Pre-Vacation catch up

Leaving tomorrow for eight days away, so today’s a quick catch-up.

First up, the news that there’s been a dramatic increase in investor interest in addiction rehab. The market for services will increase to $35 billion this year, up more than 50% over the last decade.

In a deal emblematic of the industry transition, Acadia will buy Bain Capital’s CRC Health for $1.2 billion; Bain purchased Acadia for $723 million eight years ago.

For those of us tracking the issue of addiction, the explosion in heroin use driven in large part by prescription drugs, and the damage caused to individuals, family, employers, and society, the hope is these entrepreneurs figure out a better/faster/more effective way to attack opioid addiction.  But, to paraphrase friend and colleague David Deitz, MD, those who expect to make huge profits from taking on this very difficult problem may be sorely disappointed.

Kudos to IAIABC for their effort to educate workers’ comp regulators; they will be launching a series of ten programs taught by subject matter experts to help regulators get up to speed on key issues related to work comp.

Data, research, and information

The latest research from California indicates the variation in surgery rates around the Golden State is rather dramatic.  For example, Orange County had twice as many lumbar fusions as San Mateo…and in hospital service regions, Coalinga’s rate among the <65 population was 3.5 times higher than Delano’s…

WCRI’s recently-released report examining Ambulatory Surgery Center costs and comparing same to hospitals should be required reading for managed care execs and regulators alike. Spoiler alert – ASC costs in many states are lower, due in large part to lower fee schedules

My vacation reading will include the just-released Dartmouth Atlas report on variations in treatment of prostate cancer.  (link opens pdf)  Why, you ask? Simple – there’s huge variation in treatment for prostate conditions, much of which is driven not by science or an active, involved patient – but rather by local practice patterns.  I began tracking this issue twenty years ago and hope the Atlas indicates things are getting better…

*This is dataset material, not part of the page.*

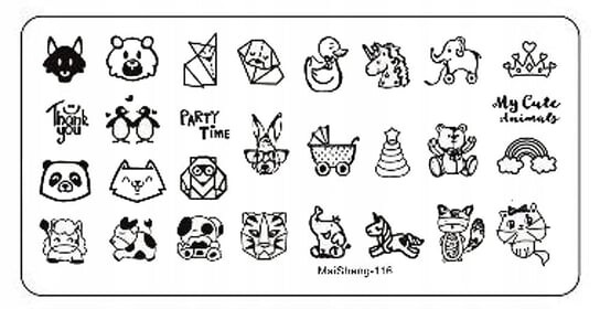 Выкройка: Животные, радуга, единорог, мишка, пингвины, утка, собака, слон. кот, корова, панда - как на картинке.

Now, back to finishing up work so I can relax unencumbered by the quest for filthy lucre!

Thanks for…

I wanted to do a post on all the things work-related I’m thankful for – but there aren’t enough pixels to include them all. So, here are the top few.

Most of the people in the work comp industry are committed to doing the right thing. Whether it’s getting injured workers the best care possible along with their indemnity checks, paying good docs fast and well, or helping employers lower their costs and increase productivity, the folks who do the work (mostly) do it well and diligently.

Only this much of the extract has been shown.